Namun, kata Lalu, APS menurun secara bertahap: jenjang SMP (13-15 tahun) masih tinggi, tetapi pada jenjang SMA (16-18 tahun), partisipasi menurun signifikan, berkisar antara 70-85 persen secara nasional.

Baca Juga:  Disposal, Inovasi Elfianah Tangani Jalan Rusak Kala Efisiensi Anggaran 

“Dan untuk kelompok usia 19-23 tahun, jenjang pendidikan tinggi, partisipasi kembali anjlok ke level 30-40 persen,” ucapnya.

Durasi Pendidikan Masih di Level SMP

Lalu mengatakan secara nasional rata-rata lama sekolah penduduk usia 15 tahun ke atas hanya mencapai 9,22 tahun atau setara dengan tamat SMP. Meskipun angka ini tumbuh secara perlahan, naik dari sekitar 9,13 tahun tahun sebelumnya, angka ini menyiratkan bahwa sebagian besar masyarakat tidak melanjutkan pendidikan hingga SMA (BPS, 2024).

Di sisi lain, Ketua DPW PKB Nusa Tenggara Barat (NTB) itu menyatakan statistik lebih lanjut menunjukkan ketimpangan provinsi yang mencolok. Salah satu contohnya, Papua Pegunungan yang hanya memiliki rata-rata lama sekolah sebesar 5,10 tahun, artinya banyak penduduknya belum tamat SD.

“Profil HDI juga menggambarkan Jakarta memimpin dengan harapan lama sekolah sekitar 11,49 tahun, sedangkan banyak provinsi di luar Jawa masih tertahan di angka di bawah 9 tahun,” katanya.

Untuk itu, Lalu menekankan pentingnya reformasi pendidikan yang menyertakan semua sektor. Terpenting, menyasar beberapa titik utama.

“Pertama, meningkatkan kontinuitas pendidikan hingga SMA dan keterlibatan di pendidikan tinggi, terutama di daerah tertinggal,melalui beasiswa, pengurangan biaya, dan peningkatan akses fisik maupun digital,” kata Lalu.

Baca Juga:  1.000 Lebih Penerbangan di Inggris di 'Canceled'

Kemudian, mendorong kualitas kurikulum dan guru agar relevan dengan kebutuhan abad ke-21, litera­si digital, karakter, berpikir kritis, serta kolaborasi. Ketiga, mengurangi disparitas antar-wilayah dengan program anggaran yang sensitif terhadap kebutuhan geografis dan memperkuat infrastruktur pendidikan di daerah terpencil.

Berikutnya, kata Lalu, melibatkan komunitas lokal, baik orang tua, tokoh masyarakat, maupun pemuda dalam mengawal pendidikan agar anak-anak tetap bersekolah dan termotivasi.
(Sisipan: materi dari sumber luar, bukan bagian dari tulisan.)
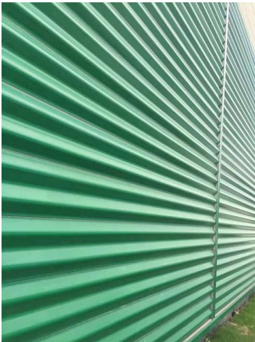
(图二，CX-W310A 墙板完成效果图)

Wakil Rakyat dari Dapil NTB 2 (Pulau Lombok) itu menekankan pendidikan sejati adalah pendidikan yang memerdekakan, yang tidak hanya menamatkan buku teks, tetapi membebaskan pikiran dari keterbatasan. Pendidikan adalah batu loncatan ke depan, bukan rantai yang mengikat.

Lalu menegaskan menyambut 80 tahun Indonesia merdeka berarti memastikan seluruh anak Indonesia, dari kota hingga desa, punya peluang yang setara untuk belajar, tumbuh, dan berkontribusi.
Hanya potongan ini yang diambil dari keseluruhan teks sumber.